Is it time to bring your MTM program inhouse?

More and more we hear plans are concerned their MTM programs consume significant resources but do not produce requisite value. Some common complaints we have heard include:

  • My MTM program is just "a CMR generation machine"… I can't tell if CMRs actually help to reduce therapy gaps.
  • There are so many pharmacists doing CMRs for my plan… I am concerned about clinician consistency.
  • I have a hard time getting my MTM vendor to work on STAR measures outside of the traditional MTM program…I want to have one of my plan pharmacists work on post-discharge medication reconciliation.

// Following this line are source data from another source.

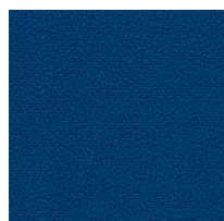
Stoff BN - Bondai / FiDiVi Colori disponibili: 6
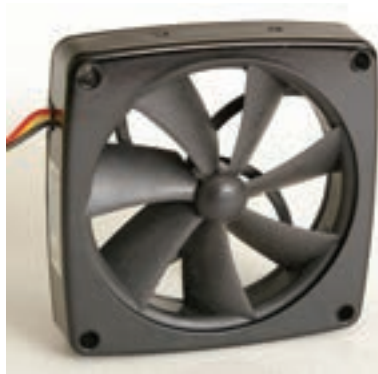
شکل ۷-۷ پروانه‌ی خنک کننده

برای خنک کردن منبع تغذیه‌ی ATX، پروانه‌ی خنک کننده‌ی آن، هوای داخل کیس را به داخل منبع تغذیه کشیده و سپس به خارج از کیس می دمد. این عمل پروانه علاوه بر خنک کردن منبع تغذیه باعث گردش هوای داخل کیس و خنک شدن سایر قطعات سیستم نیز می شود. برای اطمینان از کنترل مناسب دمای قطعات داخل کیس افزون بر پروانه‌ی منبع تغذیه، پروانه‌های خنک کننده‌ی دیگری را می توان در سطوح بالایی یا جانبی کیس نصب کرد. تعداد پروانه‌های خنک کننده‌ی اضافی و ضرورت آن بستگی به محل نصب و پیکربندی رایانه از نظر نوع پردازنده و اجزای جانبی مانند دیسک گردان‌ها دارد. نمونه‌ای از پروانه‌ی خنک کننده در شکل ۷-۷ مشاهده می شود.
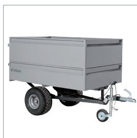
■ Remorque basculante
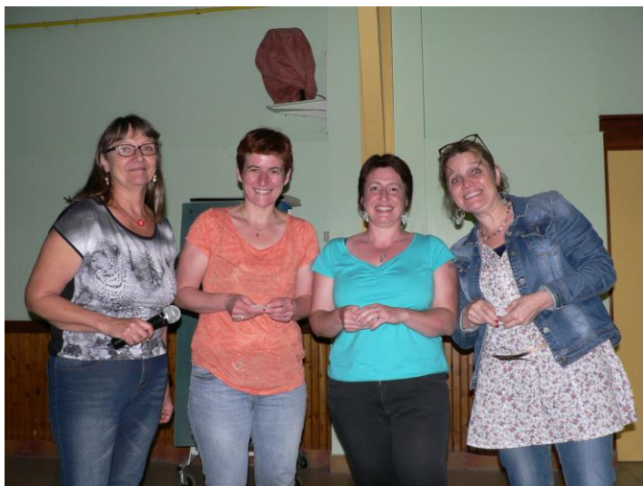
Une brochette des nageuses du Téléthon.

Comme à son habitude, l'Assemblée Générale s'est terminée par le pot de l'amitié.
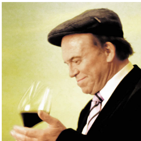
Heinz Winkler: „Ich liebe Wein.“
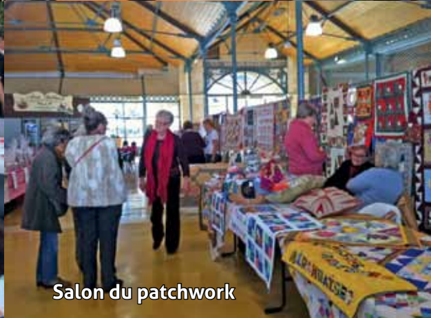
Salon du patchwork
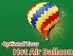
Optional/Free Hot Air Balloon
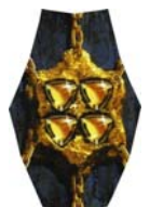
schakel 4 topazen
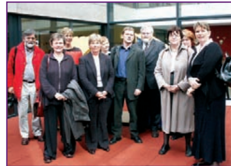
La Ville de Strasbourg en visite dans les équipements de la Petite Enfance à Metz
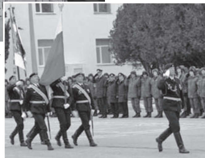
Торжественное начало учебного года: вынос боевого знамени.

Чёрные береты вошли в новый учебный год с хорошим настроением. Буквально накануне они отпраздновали День морской пехоты. Лучших наградили. Четверо военнослужащих получили ордера на новые квартиры. В их числе заместитель командира отдельной бригады морской пехоты подполков-
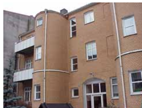
ÖSTEN 3 från SO

Inhousing your MTM program can save health plans create significant savings, optimize internal clinical resources and drive STAR improvements. To be clear, inhousing an MTM program is a massive undertaking. The basic Part D MTM program has become very proscribed and subject to validation and audit. CSS has developed a proven program to help health plans to bring their MTM program in-house, and we wanted to share a few essential capabilities when selecting an MTM platform.  

 

Essential Capabilities of a High Performing MTM Platform:

 

Audit Hardening: Plans looking to in-house their MTM programs need to assure that they will be able to operate a CMS compliant Part D MTM program. CMS audits have been put on hiatus, but they will be back, and you should be ready to document your Part D MTM process and CMRs in a way that stands up to audit.

Flexibility: The platform you select should allow you to be "fast-to-market" with new medication management initiatives. If your plan identifies that the Part C measure - Osteoporosis Management in Women who had a Fracture - is an issue, your software should allow you to configure and have a medication management effort in place within 30 days. Affecting quality measures within a program year requires a quick response.

Scalability: Medication management software should eliminate the "clinical administrative" work from the medication management process. Your clinicians are a finite and valuable resource. They should be using their valuable clinical expertise to coach members to better adherence, not type the same recommendation over and over. Medication management software should automate rote MTM functions.

Population Health Analytics and Insights: Drug therapy utilization patterns are dynamic. Once you expand your medication management efforts outside of Part D MTM you will always need to be "looking for the next thing." What is the next cost inefficiency, patient safety, adherence issue to be addressed? This will require that your medication management software can provide you with the clinical analytics you need to understand what the next therapy gap target will bring value to your plan.

Implementation: Moving from an outsourced MTM vendor to an in-house program will be a complex process. You will need to develop procedures, as well as hire and train clinicians. If you want to do this seamlessly and without consternation you will need support for the transition. Support that will help to show you best practices for achieving the "block and tackle" of MTM. Support for onboarding new clinicians. Support for designing and operationalizing novel non-Part D medication management efforts.

Clinical Support: Everybody needs a "Plan B". Engaging a Plan B is not a mark of failure, it is a demonstration of excellent planning. As you are assuming the responsibility for in-housing your MTM program, you should have a Plan B for clinical services in place to support your new staff through the rough spots that you are almost guaranteed to encounter.